Answer: It’s now going to be 2008. A lot of it has been with permitting the off-site work. There’s a lot of infrastructure going on. As we were building, they were building a median outside (on Russell Road). It was important to get a left turn in and out of the development. What do you do? You work with so many agencies — Clark County, traffic, water, Southwest Gas Corp. They’re all tied into each other. One glitch in one agency affects the whole process. That’s the fun of it. That’s the challenge.

Question: Do you think Las Vegas may be a little saturated with these mixed-use projects?

Answer: I don’t think so because I believe you can’t do the strip mall anymore because the land price doesn’t work financially. Nowadays, commercial land is $30 a square foot, whereas a few years ago it was $12 a square foot. You need that density to make it work. I didn’t realize there were so many villages, too. The Village at Queensridge, the Village at Town Center.

Question: How difficult was it to finance this project?

Answer: It really wasn’t. It’s a formula. Banks have parameters. You have to be 50 percent preleased. I was 70 percent preleased. They’ll look at the guarantors. My partners (AMI Real Estate) are doing $100 million in live-work lofts in Los Angeles. They’re phenomenal partners. They (banks) also look at project construction costs and debt service coverage with rental rates.

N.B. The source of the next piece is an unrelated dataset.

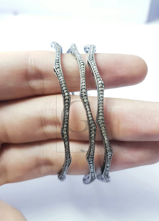 1pc Beautiful Designer Rosecut Pave Diamond Bangle 925 Sterling Silver Handmade Finish Diamond Bangle

Question: What advice would you give other mixed-use developers?

Answer: I believe you have to create a destination. You have to create a synergy for your tenants. It’s office and retail, so you have to have office that’s drawn toward retail. You don’t just want to throw a cell phone store in there. If you have a restaurant, you want a pedestrian walkway to your office. There are office tenants who want the corporate environment. This is for a tenant that wants a wine bar next door.

Question: What do you like most about your job and what don’t you like?

Answer: I think what I like most is that nobody teaches you be a real estate developer. You can’t get a degree in it. You have to work with so many entities — architects, engineers, utilities, tenants, contractors, finance institutions, property managers — and they all have to work together. There’s so much to it. No day is the same. Capital markets are changing. Trends are changing. And you’re creating. Development is what you create and how you orchestrate all these pieces of the puzzle. I like to look from the outside in, in addition to micromanaging from the inside out.

What I don’t like? I work a lot. From 5:30 when I get up, take a break and go back to work at night to catch up with associates and check on the bar. Weekend is paperwork, but it’s at home in my fuzzy slippers in a relaxing environment. I don’t have time to watch TV. Like today, I’ve got appoints back to back to back and phone calls. You have such an obligation to the development.